The Bill recently came under fire by numerous groups who have reiterated that it undermines democracy in New Zealand and that it restricts the ways in which the legislature of New Zealand can run. Departing National MP Nick Smith, who sits on the Justice Select Committee, says that all submissions received were against the Bill being passed into law.

“The major concern is giving the power to party leaders to be able to dismiss an MP and effectively a transfer of power to party leader at the expense of MPs and voters.”

The public will be able to make submissions to the committee until the end of July.
Billion Dollar Gap and Other Education Mishaps
Education Minister Chris Hipkins has accused the previous National Government of ignoring a $1 billion dollar cost involved in the development of Christchurch schools.

This is the latest “fiscal hole” that has come to light, and the Minister claims that National did not account for population growth when it set aside funding for the education sector during the Budgets of 2009-2017.

Hipkins said that it would be difficult to get the money to fix this shortfall and still have enough to establish repairs on Christchurch schools. “It’s one thing to try to boost the economy by increasing the population size, but having no plans to pay for the infrastructure to support those extra people is short-sighted.”

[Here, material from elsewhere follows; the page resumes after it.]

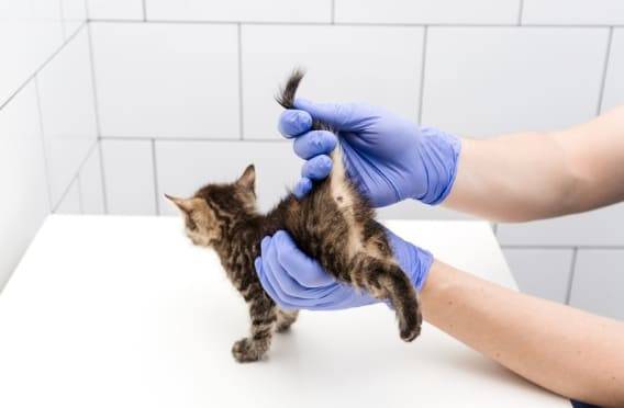 먼저 고양이를 안고 양쪽 뒷 다리를 들어 올립니다. 그리고 손날을 세워 부드럽게 허벅지 부분을 꼬리 쪽을 향해서 쓸어 올립니다. 이러면 신기하게도 항문 부분에서 뭔가 쑥 나오는 것을 발견할 수 있어요. 이렇게 해서 배출되지 않는 경우에는 자연스럽게 이미 다 배출되었다고 보셔도 됩니다.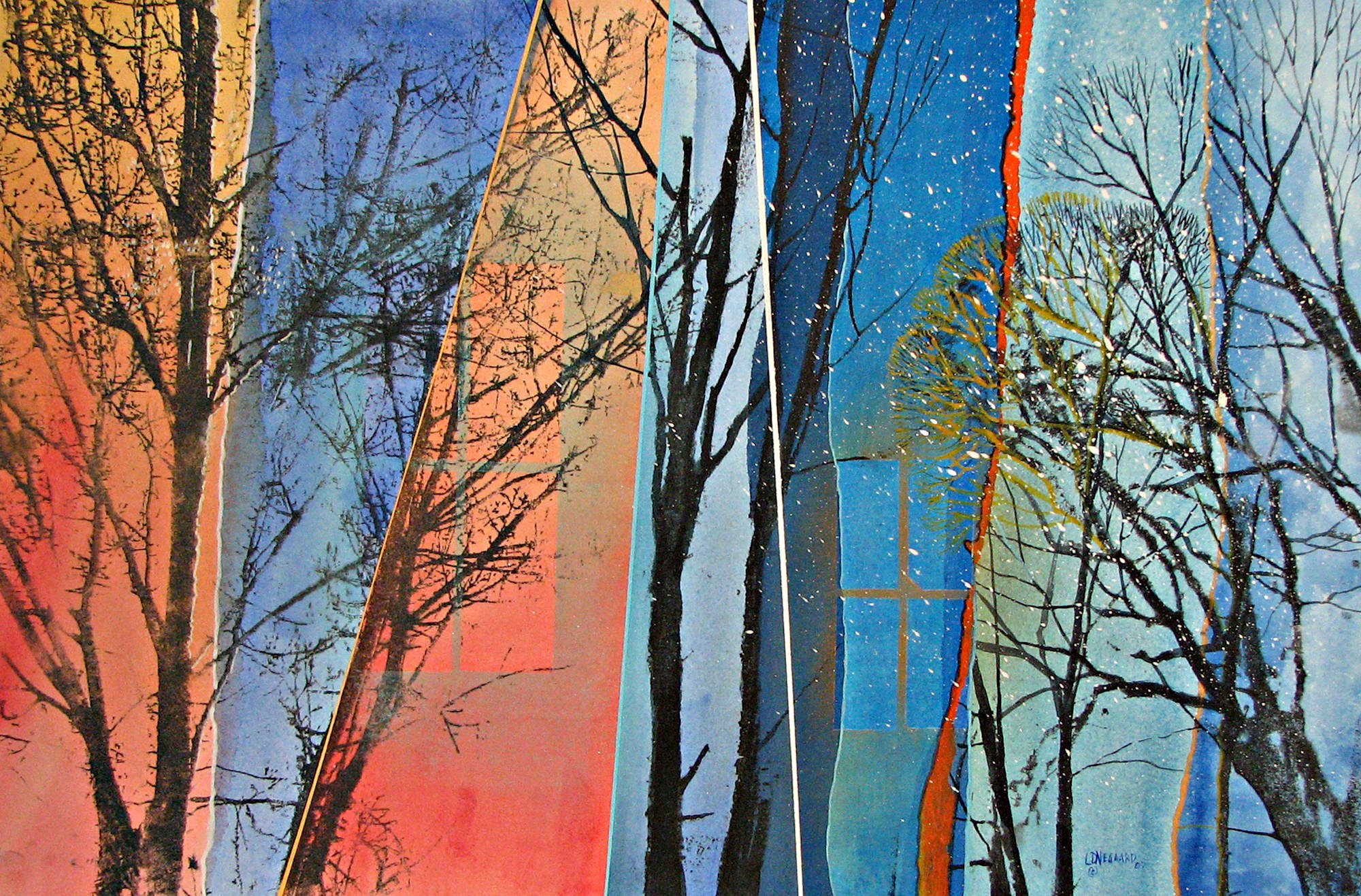 to capture feelings I get from those environments. Using elements and principles of design excites me while creating my art. Whatever the subject matter, it is the process of combining the elements–line, shape, color, form, and texture–with the principles–unity, rhythm, balance, and emphasis–into works of art that convey my sense of aesthetics. My subject matter has varied over the years, but there has been one recurring theme: trees. ‘Window’s View’ captures a moment in time for us to view the lines, shapes, and spaces which they create: a needed break from an otherwise monotonous northern prairie landscape.”

National Party Wins the Donations Race

The annual return released by the Electoral Commission showed that during the 2017 Election the National Party, with $4,579,086, received around three times as many donations as the Labour Party, who recieved $1,611,073. The Opportunities Party received double the amount made by Labour, a large majority of it from tycoon Gareth Morgan. Despite this, TOP only received 2.2% of the total vote.

If any donations made to a party exceed $30,000 dollars, they must file official reports to the Electoral Commission. Major donations received by parties include two whopping six figure sums to the ACT Party.
On the other end of the spectrum, the Aotearoa Legalise Cannabis Party and the Democrats for Social Credit both received $0 in donations for the 2017 campaign.